Paul Cadmus, Jerry, 1931. Toledo (Ohio) Museum of Art. Cadmus's masterfully original and remarkably intimate portrait of his lover, artist Jared French, was virtually unknown until the Toledo Museum acquired it in 2009. By the end of this decade, it will probably take its deserved place among the masterpieces of American gay art. My favorite detail is the outrageous anal sex reference encoded in the copy of Ulysses at lower right. The sitter marks his place in this then-banned and scandalous book by inserting his phallic finger into a crack in the book's bottom. Cadmus thus both conceals and reveals the then-unspeakable (male-male anal intercourse) by hiding it in plain sight, purloined letterishly, inside a copy of the then-unpublishable Ulysses.

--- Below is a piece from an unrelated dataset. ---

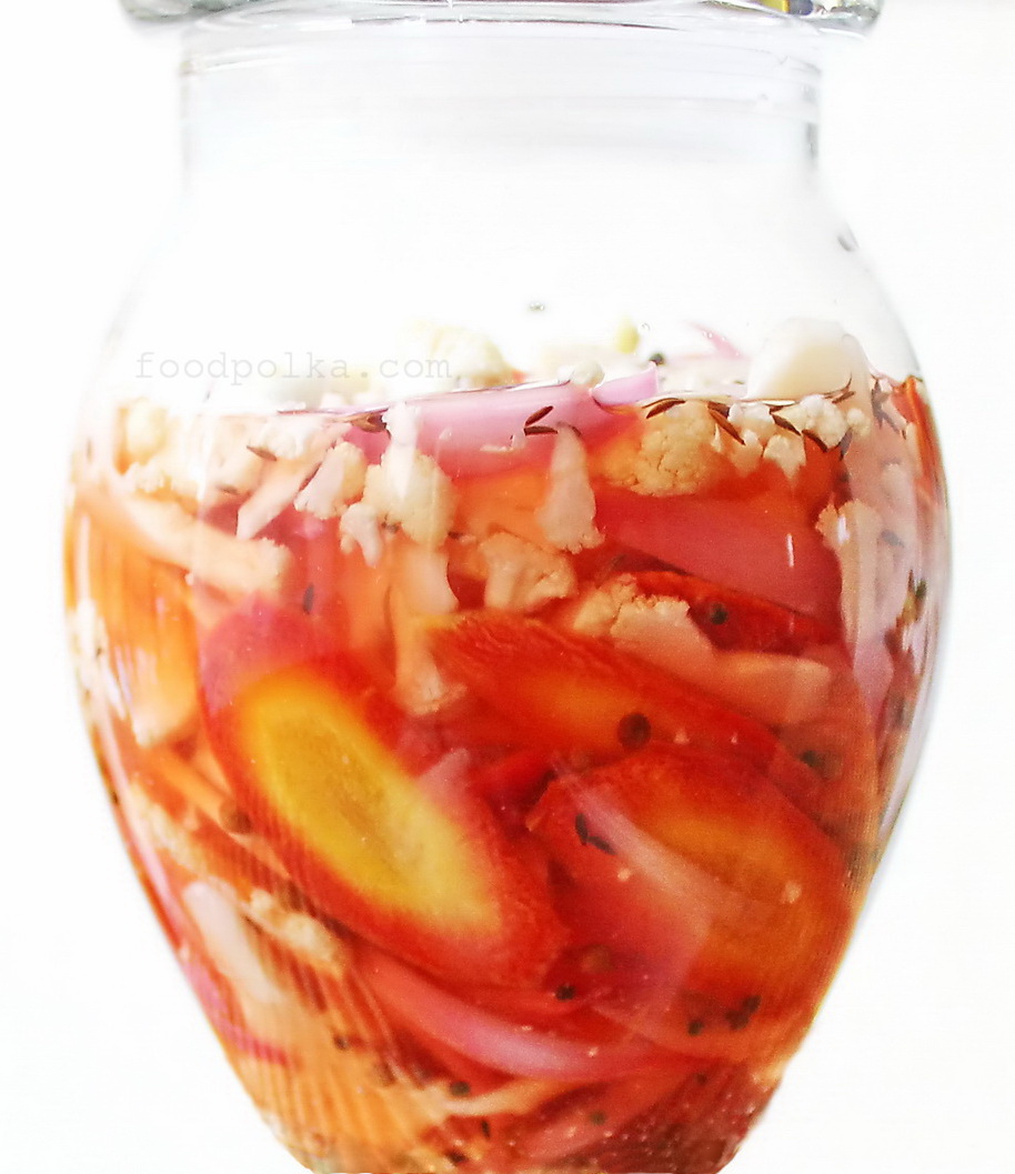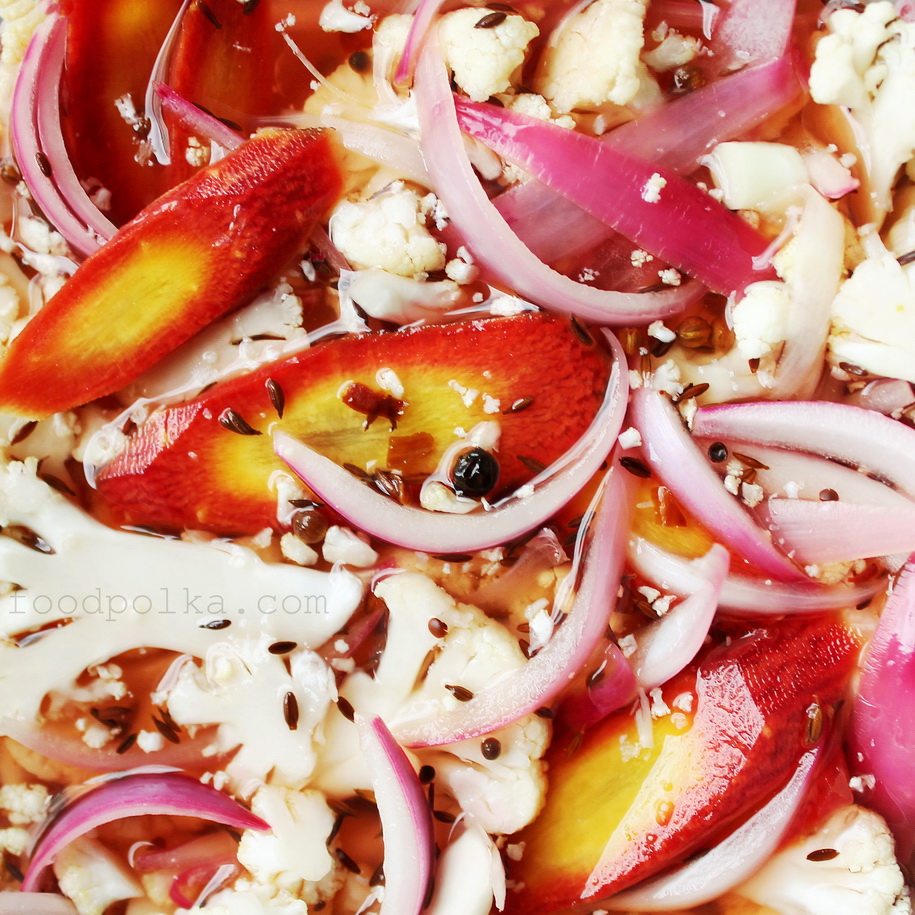 - Równomernie upakować kalafior, cebulę, czosnek, marchew w szklane naczynie, słoik lub pojemnik; zalać warzywa gorącą marynatą (tak żeby była przynajmniej 2 cm ponad warzywami); ostudzić naczynie do temperatury pokojowej, następnie przykryć pokrywką lub zakręcić słoik; przechowywać w lodówce (idelanie zachowują smak 14-30 dni).

6. Created erotically, art can also be experienced erotically. The point is to experience art with our minds and our bodies. To think about the artwork, yes, to intellectualize it as much as we can,* but also to pay attention to how the work makes us feel, how it affects our bodies. Is my heart beating faster? Am I afraid? Did I just catch my breath? Am I widening or narrowing my eyes? To what part of the painting / sculpture / etc. is my sight repeatedly drawn? Am I attracted? Repelled? Does the image turn me on? Is my dick hard / pussy wet? These questions, especially the outrageous last one, should be considered as valid as inquiries into the possible motives for a Cezanne color choice or Picasso's decision to distort a face in a specific way. In the discourse of art, the reactions of the penis and the pussy are as valid as those of the eye and the brain.


* In opposition to the anti-intellectualism that is rampant today, it is necessary to be actively pro-intellectual. Personally, I'm so philo-intellectual it hurts. Even reading Foucault makes me hard.